# TileDB-Video-Py Demo

#### First install some extra libraries and import the required modules:

In [1]:
!pip install pandas pyarrow mediapy --quiet

import mediapy
import tiledb.video
from IPython.display import Video

## Converting to TileDB

#### Display an example video file:

In [2]:
input_file = "file_example_MP4_640_3MG.mp4"

!du -h $input_file
Video(input_file)

3,0M	file_example_MP4_640_3MG.mp4


#### Convert it to a TileDB array with `tiledb.video.from_file`:

In [3]:
import os

tiledb_uri = "file_example_MP4_640_3MG.tdb"
if not os.path.exists(tiledb_uri):    
    tiledb.video.from_file(tiledb_uri, input_file)

!du -sh $tiledb_uri

2,9M	file_example_MP4_640_3MG.tdb


## Getting codec context metadata

#### Get some properties of the video stream codec context with `tiledb.video.get_codec_context`:

In [4]:
tiledb.video.get_codec_context(tiledb_uri)

{'codec': 'h264',
 'fps': Fraction(30, 1),
 'bitrate': 710666,
 'pixel_format': 'yuv420p',
 'height': 360,
 'width': 640}

## Extracting a video sample

#### Extract a video sample between the 11th and 16th second to a new file with `tiledb.video.to_file`:

In [5]:
start_time = 11
end_time = 16
sample_file = f"file_example_MP4_640_3MG-{start_time}_{end_time}.mp4"
tiledb.video.to_file(tiledb_uri, sample_file, start_time=start_time, end_time=end_time)
Video(sample_file)

#### The same function can create a file in memory:

In [6]:
import io

buf = io.BytesIO()
tiledb.video.to_file(tiledb_uri, buf, start_time=start_time, end_time=end_time)
print(len(buf.getvalue()), "\t", buf)
!du -sb $sample_file

666940 	 <_io.BytesIO object at 0x7fe433a13d10>
666940	file_example_MP4_640_3MG-11_16.mp4


#### A video sample can also be extracted as an iterator of Numpy arrays in RGB format with `tiledb.video.iter_ndarrays`: 

In [7]:
images = tiledb.video.iter_ndarrays(tiledb_uri, start_time=start_time, end_time=end_time)
image = next(images)
print("Image:", image.__class__, image.dtype, image.shape)
mediapy.show_video(images)

Image: <class 'numpy.ndarray'> uint8 (360, 640, 3)


0
This browser does not support the video tag.


#### Or as an iterator of `PIL.Image`s with `tiledb.video.iter_images`: 

In [8]:
import itertools as it

images = tiledb.video.iter_images(tiledb_uri, start_time=start_time, end_time=end_time)
image = next(images)
print("Image:", image)
mediapy.show_images(it.islice(images, 4))

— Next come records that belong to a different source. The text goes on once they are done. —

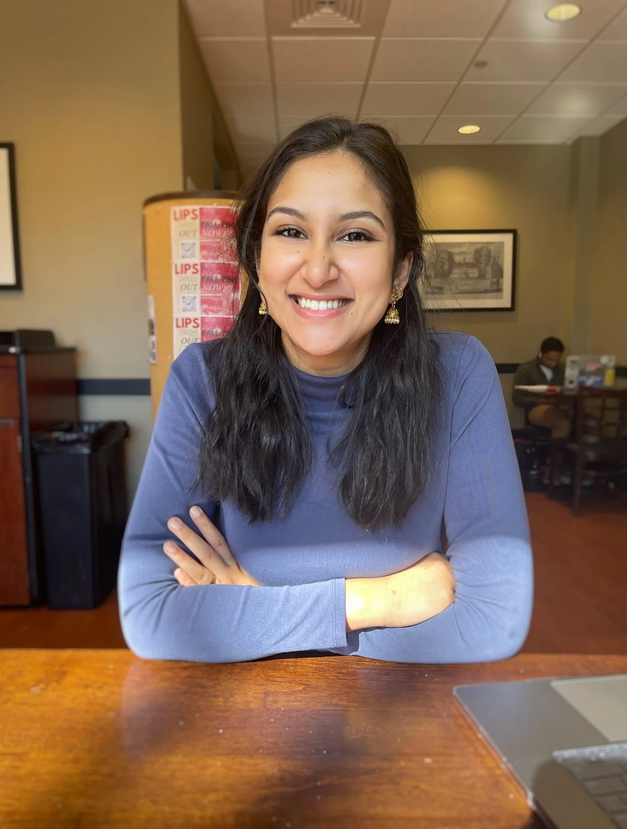 Portia Dai (pronounced Por-Sha Dye) is an English and Education double-major from Fairfax, VA. When she isn't doing work at Lodge 1 (and probably sipping on a peach smoothie), she enjoys hiking with friends and recently discovered she loves trekking up snow-covered trails. She also needs everyone she meets to know that her favorite animals are ducks and that she is up for a game of Word Hunt on Game Pigeon at any time. She recently got on BeReal and gets extremely excited whenever it goes off — add her @portiaduck.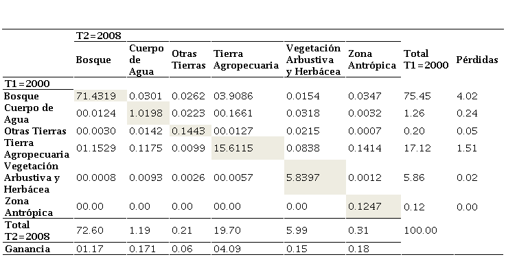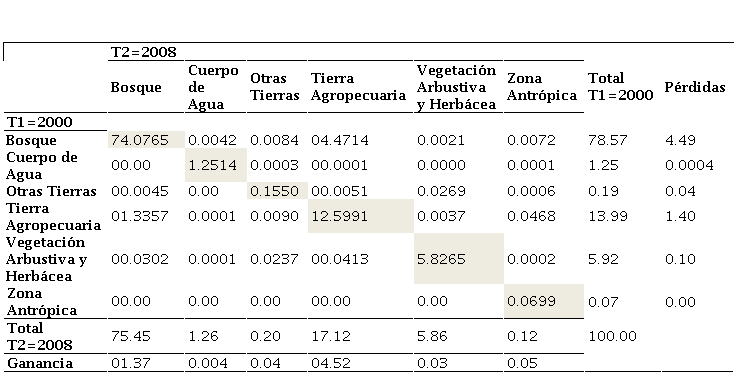 - Ganancias: indica el porcentaje de territorio que registra una ganancia bruta de la categoría j entre el tiempo 1 y 2. En la matriz de tabulación cruzada se representa: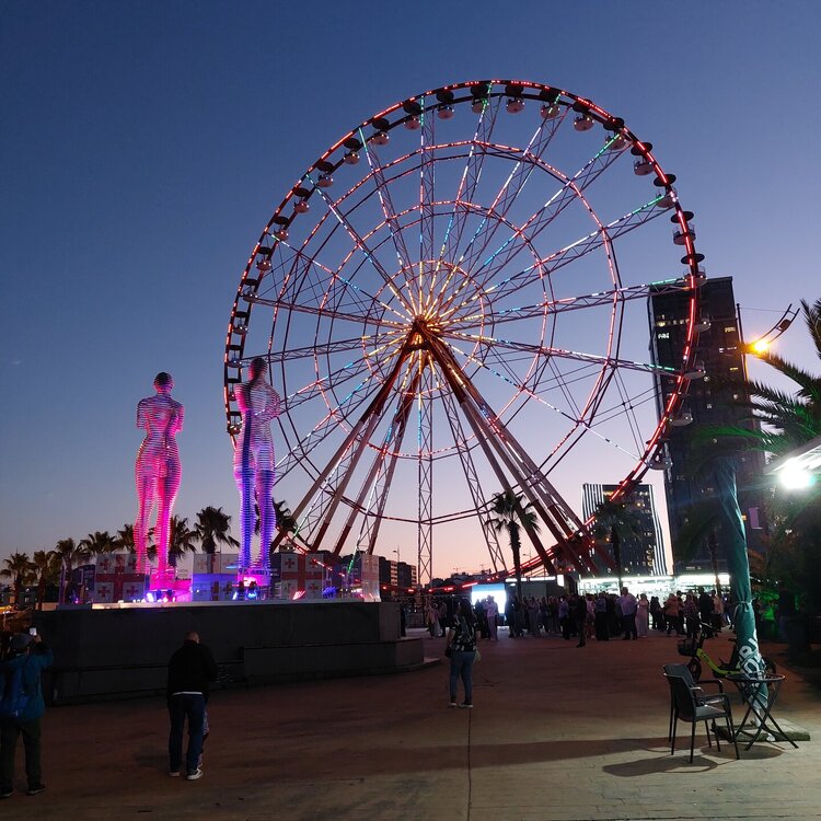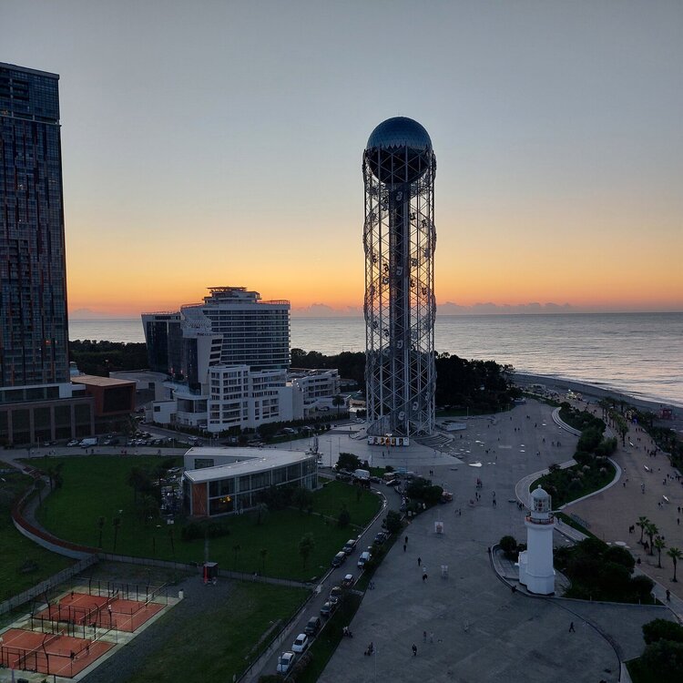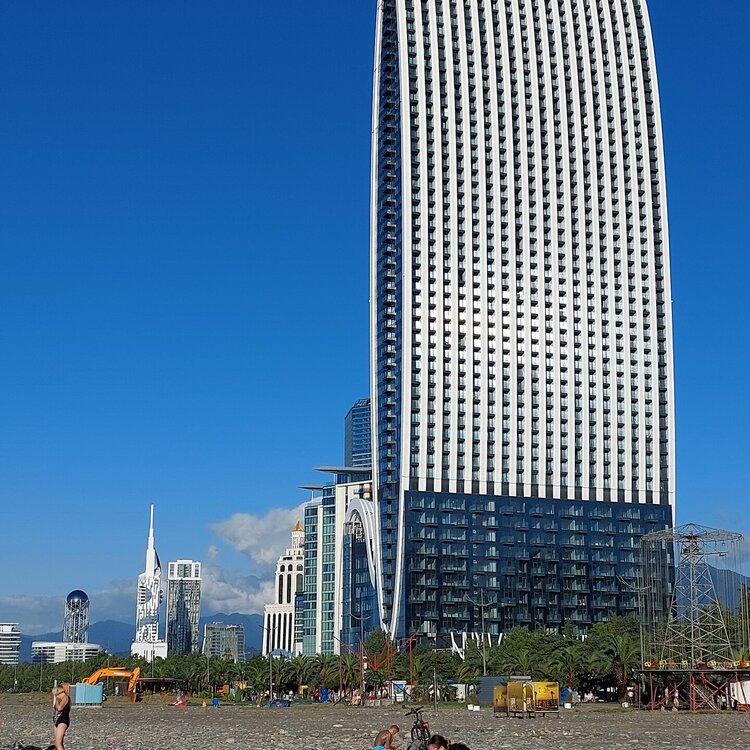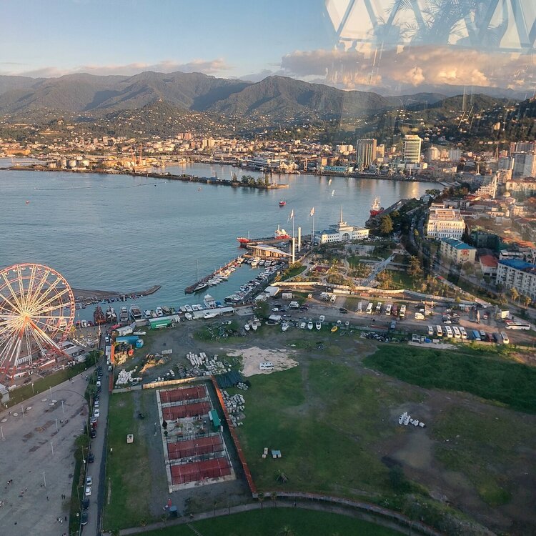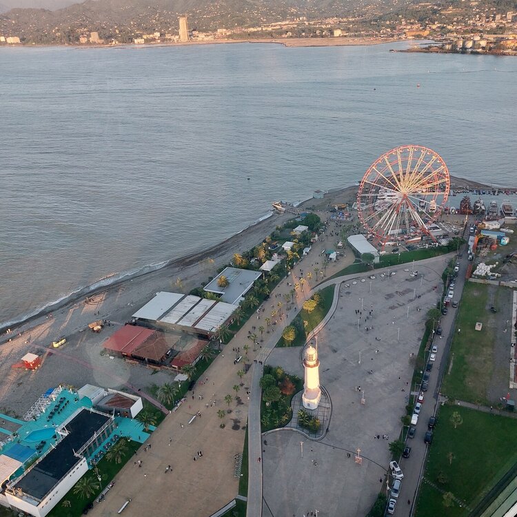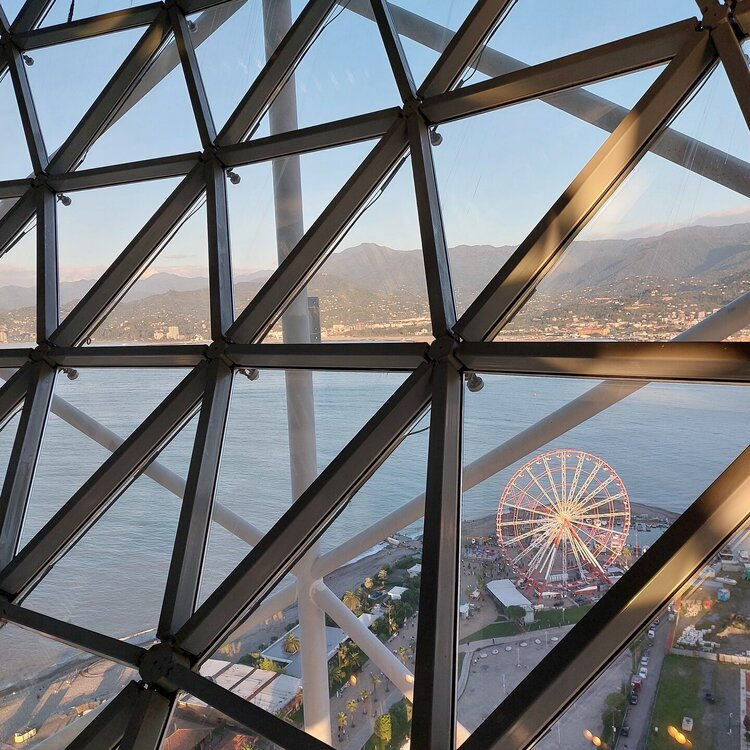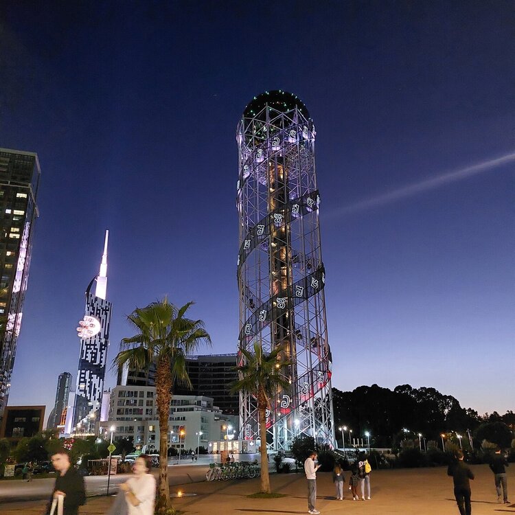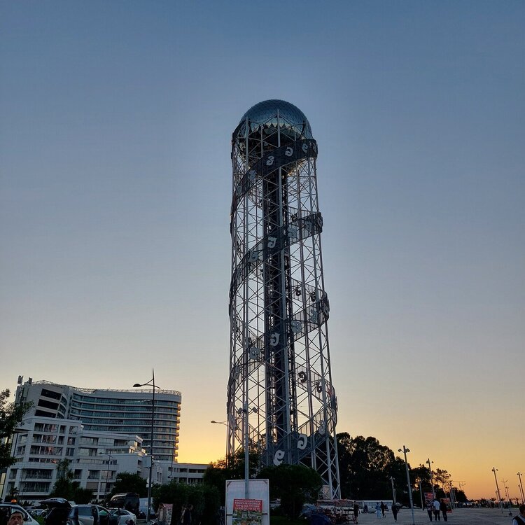 Пообедав, мы с Машей вернулись в отель, правда поблудили немного, сначала пошли не в ту сторону. У Маши дальше были свои планы. Я же переоделась , потому как стало значительно теплее и пошла по прямой к морю, что бы прогуляться по набережной в сторону Парка Чудес. Очень хотелось подняться на Башню Азбуки и покататься на колесе обозрения. Набережная Батуми протянулась на расстоянии 7 км. Если по ул.Грибоедова от отеля выйти к морю, то налево набережная тянется на расстояние 2,5км мимо красивых небоскребов. Если пойти направо , то до Колеса обозрения и памятника АЛИ и НИНО, башни Азбука идти примерно 4,5 км. К сожалению после проливных ливней, сошедших селей, сильного ветра и шторма пляж выглядел вот так. Убирать весь этот выброшенный мусор никто не спешил🙄. На пляже ,что напротив нашего отеля довольно крупные камни, я их даже галькой назвать не могу. Специально на фото поставила ногу в кроссовке, чтобы можно было размер оценить. Что радовало, по всей набережной, каждые 10 метров стояли скамейки. Поэтому очень приятно гулять, всегда можно присесть и отдохнуть. Башня Азбуки или Алфавита «Башня Алфавита») — архитектурное сооружение в Батуми, символизирующее уникальность грузинского алфавита и языка. Башня находится в северной части Приморского бульвара.Ее высота 130 м и она хорошо видна с любой точки в окрестностях. Второе популярное название — башня грузинского ДНК. Башня расположилась по соседству с высокими отелями, активно строящимся небоскребом, финансируемым президентом США Дональдом Трампом, колесом обозрения, движущейся статуей Али и Нино Батумскую башня ДНК построена недавно: в 2012 году. Архитектором выступил испанец, Альберто Доминго Кабо. Благодаря его творению, в Батуми появился не просто символ города. Башня показывает любовь и почитание грузинами родного языка: конструкция по всей высоте обвита лентами с 33 буквами грузинского алфавита, внешне напоминающими ДНК. По изначальному проекту, в башне должны были уместится: телестудия, обсерватория, смотровая площадка и вращающийся вокруг оси шикарный ресторан. Что пошло не так неизвестно. Но ничего из этого в башне не появилось. Сейчас в здании есть только ресторан с рейтингом 3,8 баллов из пяти. Отзывы ну очень спорные. Цены…… Самый простой коктейль стоит от 1000 руб, мороженое от 900 руб. еду в меню даже смотреть не стала. Подняться на башню можно на лифте за 20 лари. В расписании написано что работает с 11:00 до 00:00ч. Но иногда бывает закрыто без объяснения причин. Сначала поднимаешься на лифте до верхней площадки. 20250921_183921.mp4 Там нужно пересесть на другой лифт, который привозит вас в ресторан. 20250921_184226.mp4 Посмотрите какое в этой части набережной спокойное море. И галька здесь мелкая, заход в море лучше. 20250921_184737.mp4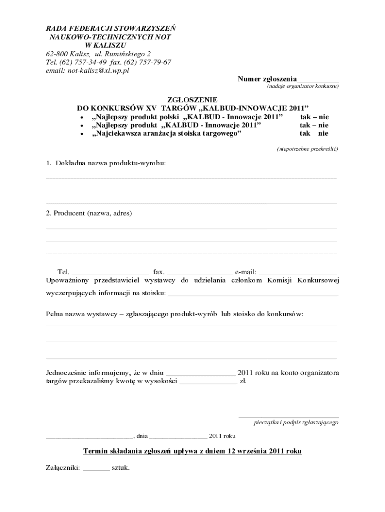 RADA FEDERACJI STOWARZYSZE NAUKOWOTECHNICZNYCH NOT W KALISZU 62800 Kalisz, ul. Rumiskiego 2 Tel. (62) 7573449 fax. (62) 7577967 email: notkalisz@xl.wp.pl Numer zgoszenia___ (nadaje organizator konkursu)ZGOSZENIE
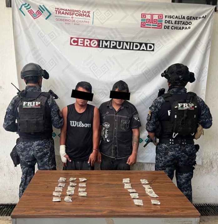 La Secretaría de Seguridad del Pueblo (SSP) a través de la Fuerza de Reacción Inmediata Pakal (FRIP) en coordinación con la Fiscalía General del Estado (FGE) y la Secretaría de Seguridad y Protección Ciudadana (SSPC) del Gobierno Federal, detuvieron a dos personas con presunta marihuana en el municipio de Tapachula.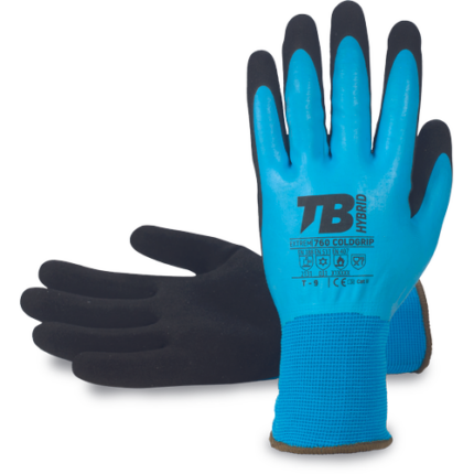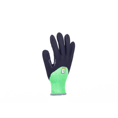 Szyte rękawice Hi-Vis z wodoodporną, oddychającą membraną, wykonane z poliestru z dodatkiem spandexu, w części chwytnej szybkoschnąca, synetyczna skóra z mikrofibry o grubości 0,8 mm, wposażone w piankę redukującą wibracje. W części chwytnej i na palcach zadrukowane wysokiej jakości silikonem. Opuszki palców pokryte syntetyczną skórą. Podszewka poliestrowa. Neoprenowy mankiet zapinany na rzep Velcro. Plastikowy haczyk z oznaczeniem rozmiaru. EN ISO 10819

Image: <PIL.Image.Image image mode=RGB size=640x360 at 0x7FE433A2A750>


## Inspecting the TileDB array

#### As with every TileDB array, its schema is available:

In [9]:
import tiledb

with tiledb.open(tiledb_uri) as tiledb_array:
    print(tiledb_array.schema)

ArraySchema(
  domain=Domain(*[
    Dim(name='start_time', domain=(0.0, 1000000.0), tile='1.0', dtype='float64'),
    Dim(name='end_time', domain=(0.0, 1000000.0), tile='1.0', dtype='float64'),
  ]),
  attrs=[
    Attr(name='data', dtype='|S0', var=True, nullable=False, filters=FilterList([NoOpFilter(), ])),
    Attr(name='size', dtype='uint32', var=False, nullable=False),
  ],
  cell_order='row-major',
  tile_order='row-major',
  capacity=10000,
  sparse=True,
  allows_duplicates=False,
  coords_filters=FilterList([ZstdFilter(level=-1)]),
)



#### The original video is split into smaller video segments. For every segment, its start and end time are stored as dimensions and its raw binary data and size as attributes:

In [10]:
with tiledb.open(tiledb_uri) as tiledb_array:
    df = tiledb_array.query(use_arrow=False, attrs=["size"]).df[:]
    df["duration"] = df["end_time"] - df["start_time"]
df

Unnamed: 0,start_time,end_time,size,duration
0,0.0,2.966667,246246,2.966667
1,3.0,5.966667,298164,2.966667
2,6.0,8.966667,294684,2.966667
3,9.0,11.966667,292007,2.966667
4,12.0,14.966667,273653,2.966667
5,15.0,17.966667,251831,2.966667
6,18.0,20.966667,229448,2.966667
7,21.0,23.966667,230709,2.966667
8,24.0,26.966667,267240,2.966667
9,27.0,29.966667,283061,2.966667


#### So the original 30 second video is segmented into 10 segments of 3 seconds each, plus one last segment of some traling frames.